# 115 today in SW Michigan



## craigrh13 (Oct 24, 2011)

Still early obviously. They were all very fresh. Some showed signs of frost damage. Decent size overall. Next week will be killer. They were very sporadic with almost all coming from two small areas.


----------



## craigrh13 (Oct 24, 2011)




----------



## Kennybks (Mar 29, 2010)

And I was about to post "pictures or it didn't happen " on the other post. 

Definitely an early run. Going to have to get out and scout a little. I don't typically start looking until the first week of may. Thanks for sharing.


----------



## craigrh13 (Oct 24, 2011)

Kennybks said:


> And I was about to post "pictures or it didn't happen " on the other post.
> 
> Definitely an early run. Going to have to get out and scout a little. I don't typically start looking until the first week of may. Thanks for sharing.


I thought the same thing until I started hunting SW Michigan. They are the first to grow every year. People have been finding them over there for two weeks.


----------



## Sparky23 (Aug 15, 2007)

nice


----------



## Sprytle (Jan 8, 2005)

Was this like state line south?


----------



## esgowen (Feb 27, 2011)

I found 36 after work yesterday


----------



## Waif (Oct 27, 2013)

I can't smell the pictures.

Congrats on the finds though!


----------



## craigrh13 (Oct 24, 2011)

Sprytle said:


> Was this like state line south?


Like an hour north of the border.


----------



## Tizzo (Jan 8, 2012)

Nice haul! Should be popping in the SE soon hopefully.


----------



## NorthWoodsHunter (Feb 21, 2011)

NICE HAUL. We've still got snow in the hills up here. Fun to watch the wave start moving closer though...


----------



## chuckinduck (May 28, 2003)

Tizzo said:


> Nice haul! Should be popping in the SE soon hopefully.


I did some casual looking while scouting turkeys yesterday in lapeer county. Still seems too early for my area.


----------



## Sparky23 (Aug 15, 2007)

found a couple more fri. the ones i had left had been picked,never seen anyone in that spot either, big disapointment but o well.
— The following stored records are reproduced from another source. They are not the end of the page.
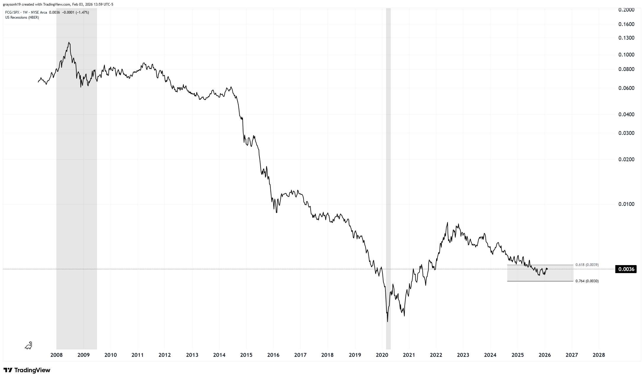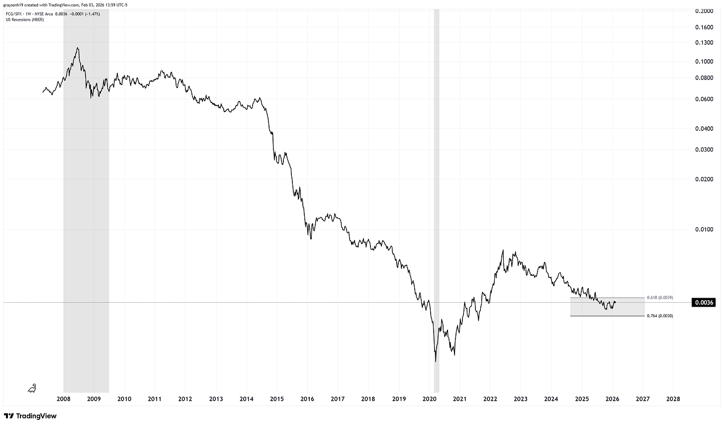 In a similar vein, natural gas companies are even more undervalued than oil companies. I had to put FCG/SPX in log scale just to see the price movement, as it had essentially drifted down/sideways since 2016. This represents an even greater reward/risk if the upside scenario plays out.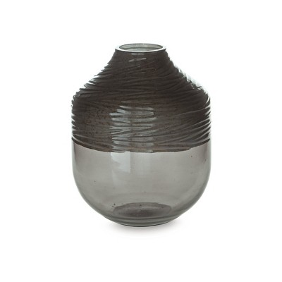 Add shimmering elegance to your home with the Harpwick Decorative Vase, an 8.25-inch blown glass piece featuring an iridescent gray finish with a hand-carved, patterned top. Perfect for tabletops, shelves, and small displays.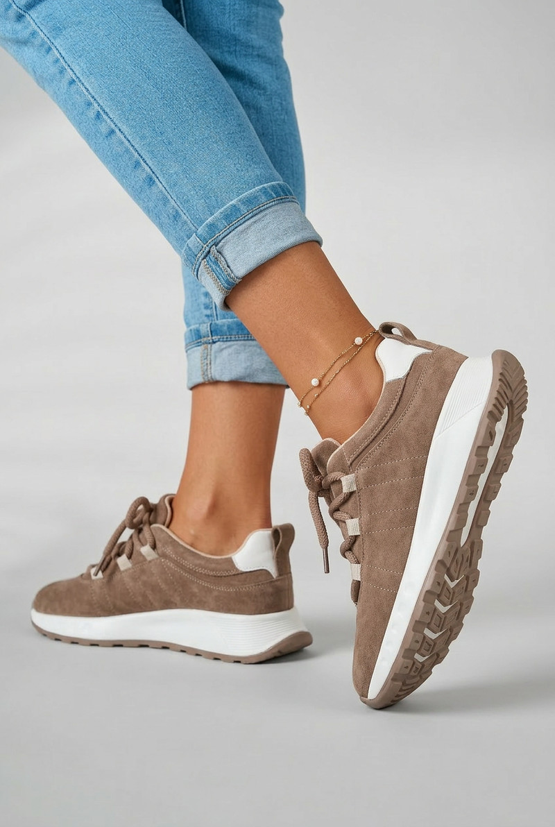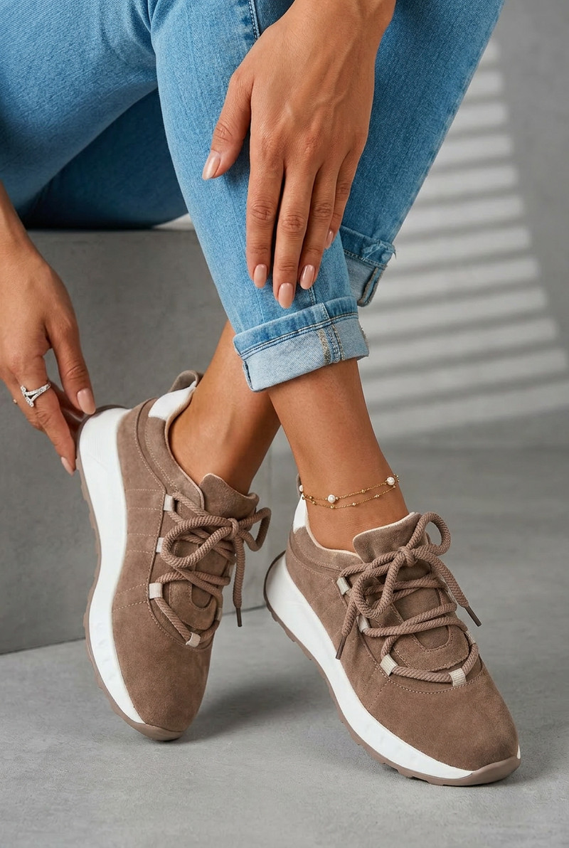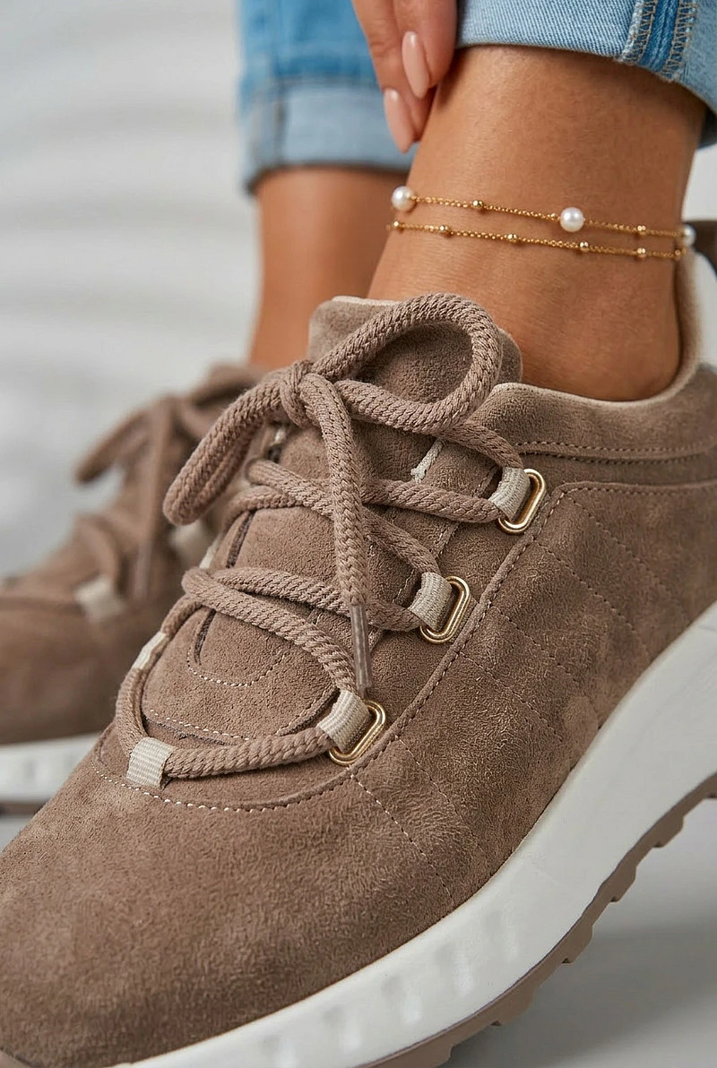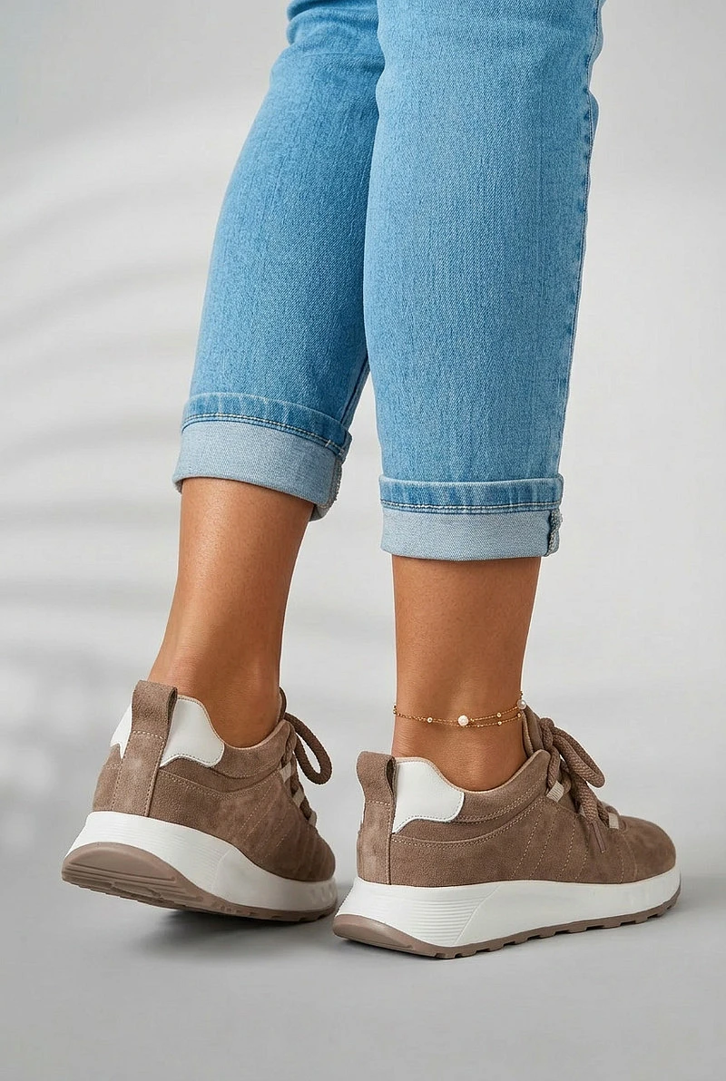 Dámské tenisky vyrobené z přírodního semiše jsou stylovou a pohodlnou volbou pro každodenní outfity. Měkký semiš dodává elegantní vzhled a zároveň zajišťuje komfort při nošení. Model je postaven na platformě, která jemně zvyšuje siluetu a zvyšuje pohodlí při chůzi. Tenisky se vyznačují silnými šňůrkami, které tvoří zajímavý dekorativní prvek a zdůrazňují moderní styl obuvi. Boty mají koženou vložku Comfort Shoes, která poskytuje vhodný komfort a dobře se přizpůsobí noze. Díky lehké konstrukci je model skvělý pro každodenní nošení a hodí se k mnoha stylům – jak s džíny, tak s kalhotami z textilu nebo sportovními soupravami. Při výběru velikosti se řiďte tabulkou velikostí.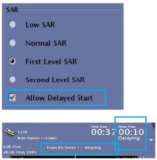 - Allow Delayed Start maximizes the system performance short-duration SAR by using 4 w/kg for scans shorter than 3 minutes.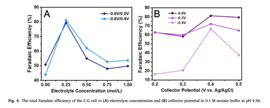 圖4B:收集器電位(0.2~0.5 V)對效率的影響(0.4~0.5 V時效率達70%)。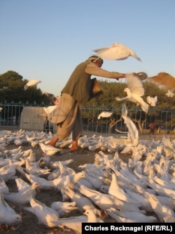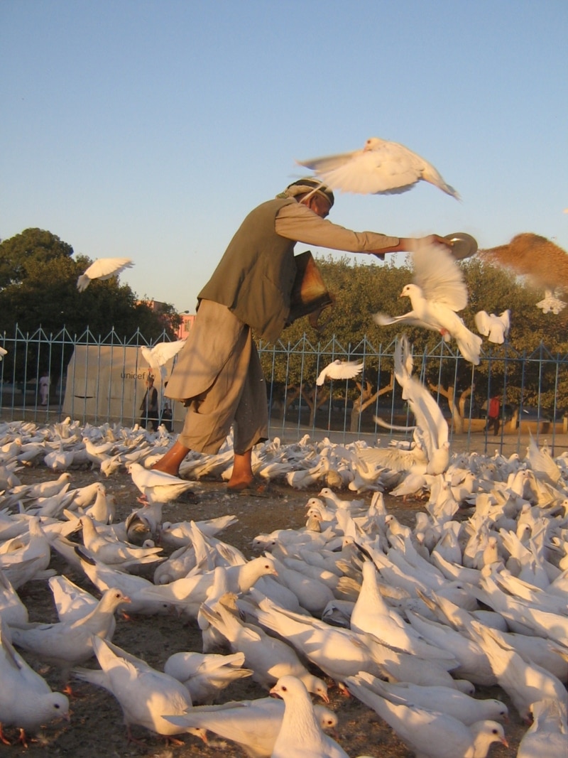 Көк Мечиттеги кептерлердин камын көргөн адам. Мазари Шариф.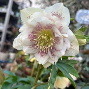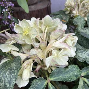 こちらもシルバーリーフのクリスマスローズ。ピンクフロストと一緒に寄せ植えしています。よく似ていますが花がこちらは白が強くなります。

Then to another spot that had been bombarded already, then found out some briliant person posted the intersection for that one on facebook, glad its not a go too spot lol, it was a zoo, so much for the 50 or so you can get out of it


----------



## esgowen (Feb 27, 2011)

Sparky23 said:


> found a couple more fri. the ones i had left had been picked,never seen anyone in that spot either, big disapointment but o well. Then to another spot that had been bombarded already, then found out some briliant person posted the intersection for that one on facebook, glad its not a go too spot lol, it was a zoo, so much for the 50 or so you can get out of it


Hate when that happens I've had close friends run their mouths about spots I have taken them too its so annoying on a positive note sometimes it's fun to walk out of a state land spot with 10 cars parked there and everyone you talked to only found 5 or 10 and you have a bag of 250 plus it's happened to me many times I just figure they haven't put in the hours learning the spot the way I have


----------



## Sparky23 (Aug 15, 2007)

Haha totaly agree with you there, i have done the same, always fun lol


----------



## Tizzo (Jan 8, 2012)

Sparky23 said:


> found a couple more fri. the ones i had left had been picked,never seen anyone in that spot either, big disapointment but o well. Then to another spot that had been bombarded already, then *found out some brilliant person posted the intersection for that one on facebook*, glad its not a go too spot lol, it was a zoo, so much for the 50 or so you can get out of it


When people post your spots whether it be walleye, deer or mushrooms it always stings. I couldn't imagine sharing morel spots though.


----------



## slabstar (Feb 25, 2009)

Sparky23 said:


> found a couple more fri. the ones i had left had been picked,never seen anyone in that spot either, big disapointment but o well. Then to another spot that had been bombarded already, then found out some briliant person posted the intersection for that one on facebook, glad its not a go too spot lol, it was a zoo, so much for the 50 or so you can get out of it


You also have to remove the meta data from pics! Ppl can get location from almost any pic if meta data is not removed!!!


----------